The market fell in early June on weak job creation and it rallied Friday on a strong jobs report, but monthly jobs reports are just not that big of a deal anymore, since declining market interest rates are messing up any plan for the Fed to raise key interest rates in the upcoming months. These job reports are also subject to massive revisions in future months.

On Friday, the Labor Department announced that 287,000 new payroll jobs were created in June, substantially higher than economists’ consensus estimate of 170,000; but the May payroll report was revised down to only 11,000 (vs. 38,000 previously reported), while the April payroll total was revised up 21,000 to 144,000 jobs (up from 123,000). Expect more revisions in August.

This monthly volatility – 11,000 in May vs. 287,000 in June – is disturbing. Even though the May payroll report was unusually low due to the 35,000 Verizon (NYSE:VZ) workers on strike, these job reports are too volatile to trust. In addition, we see the unemployment rate rising to 4.9% in June (with 287,000 new jobs), up from 4.7% in May, when only 11,000 jobs were created.

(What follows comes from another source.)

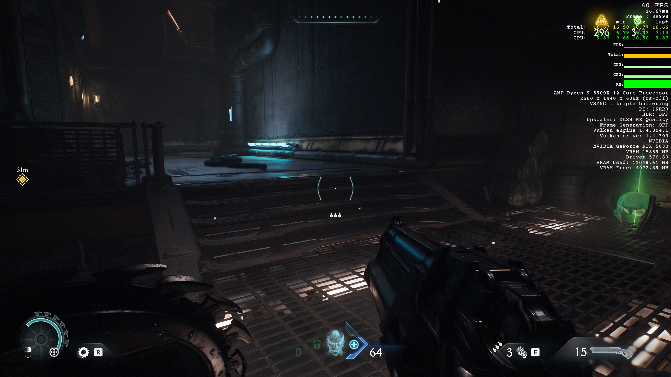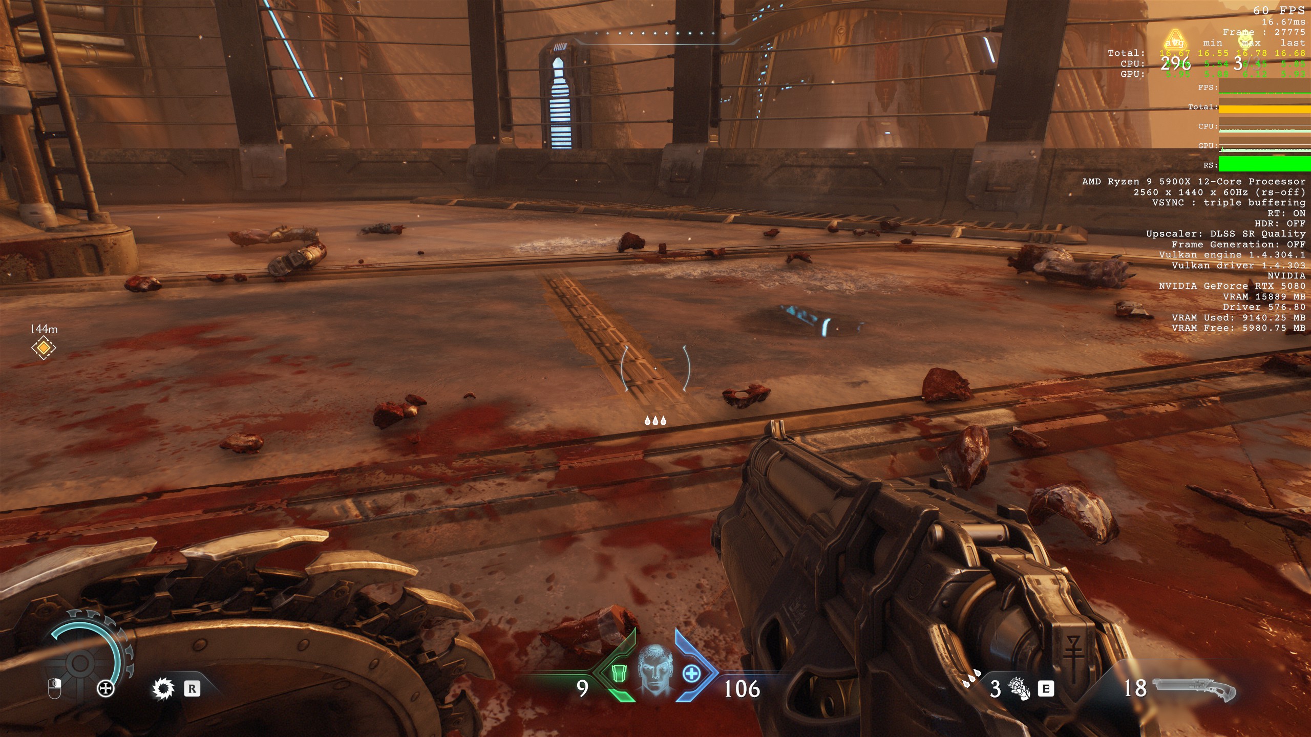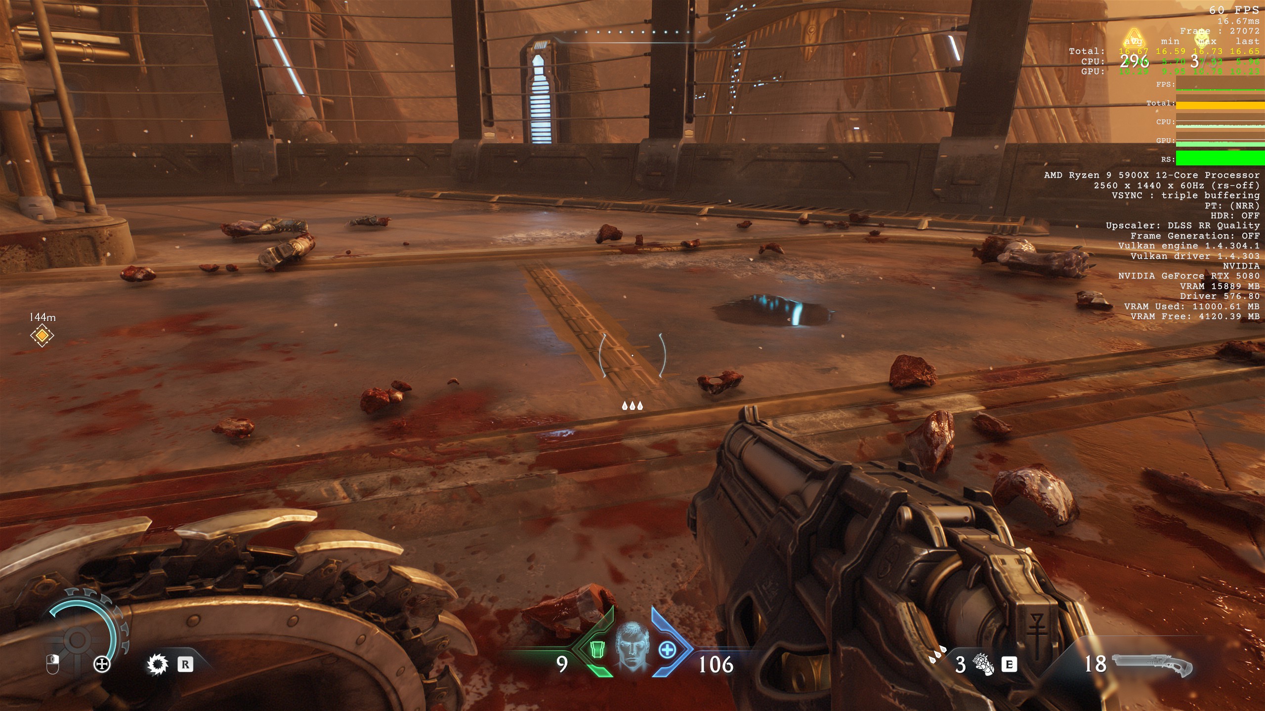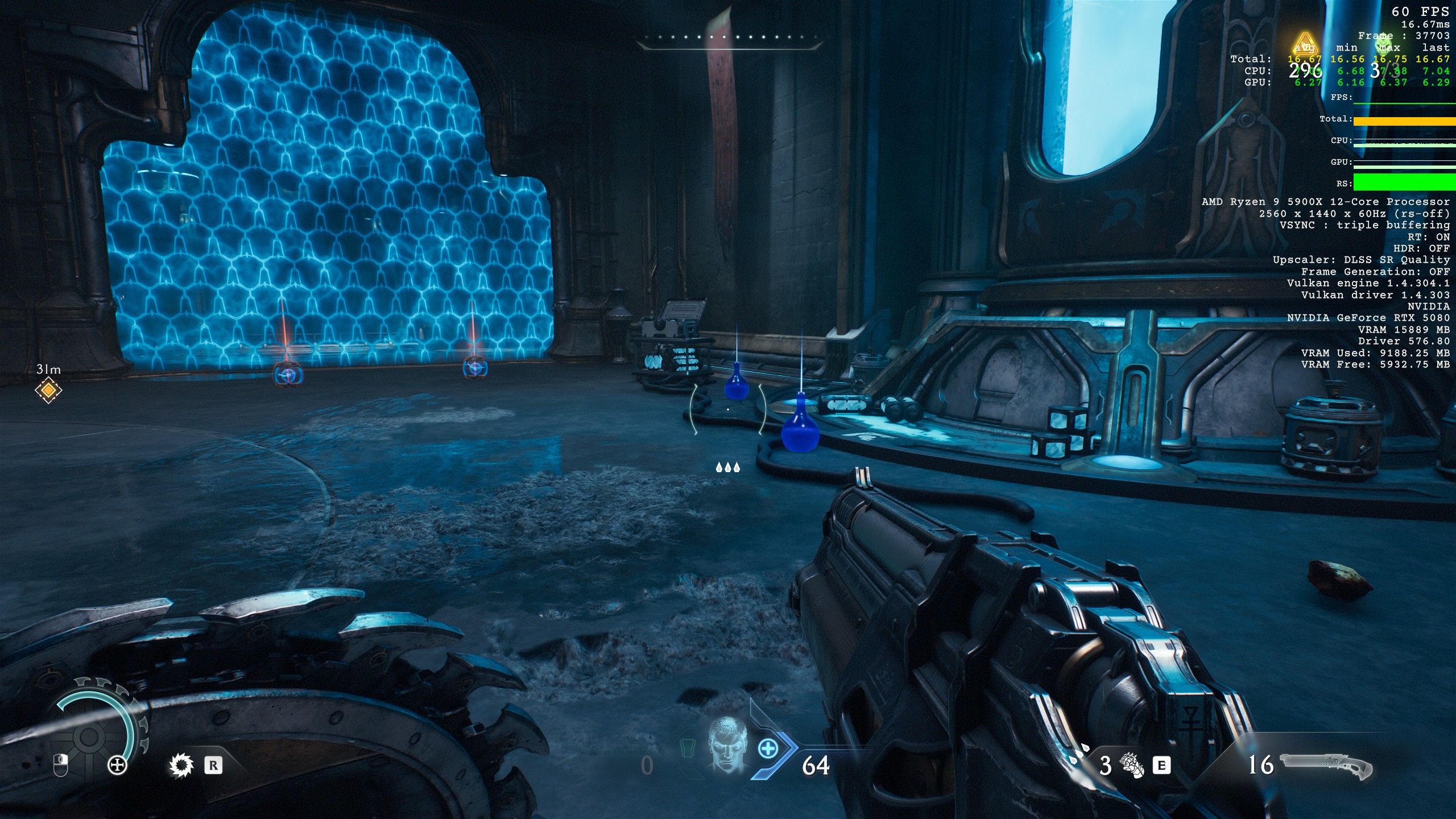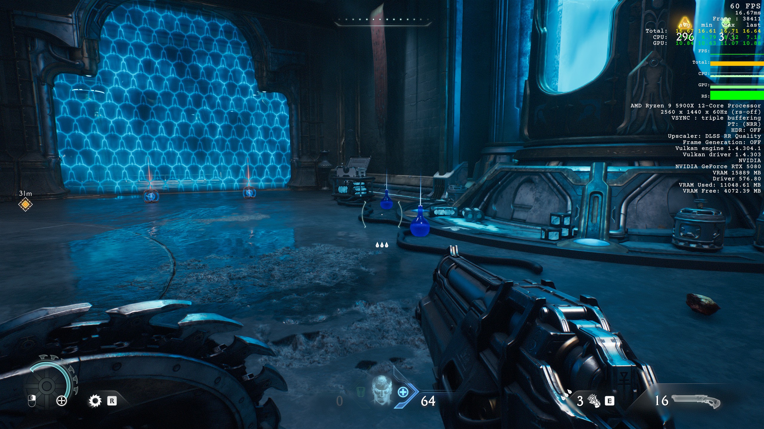 As frames calculated using Frame Generation in Doom: The Dark Ages are not included in the benchmark results, screenshots were taken at five locations with Path Tracing at 2560x1440p (DLSS quality; maximum settings) using the game's internal performance tools versus the running benchmark results.

The reason is that more folks entered the workforce in June. In addition, average hourly wages rose by only 0.1% (2 cents) to $25.61 per hour. Fed Chair Janet Yellen wants to see significant real wage growth, so the Fed is not expected to raise interest rates in July.

The Federal Open Market Committee (FOMC) minutes were released on Wednesday, revealing a divided Fed that debated the health of the labor market, the economic outlook, and whether or not inflation was brewing. In other words, the FOMC members did not agree on much of anything. Due to the fact that the FOMC members could not agree, they agreed that it would be “prudent to wait” for additional economic data to get a better handle on the economy. Translated from Fedspeak, the Fed is unlikely to raise rates until (1) there is consensus among FOMC members, (2) stronger economic data, and (3) market rates rise.

Disclosure: *Navellier may hold securities in one or more investment strategies offered to its clients.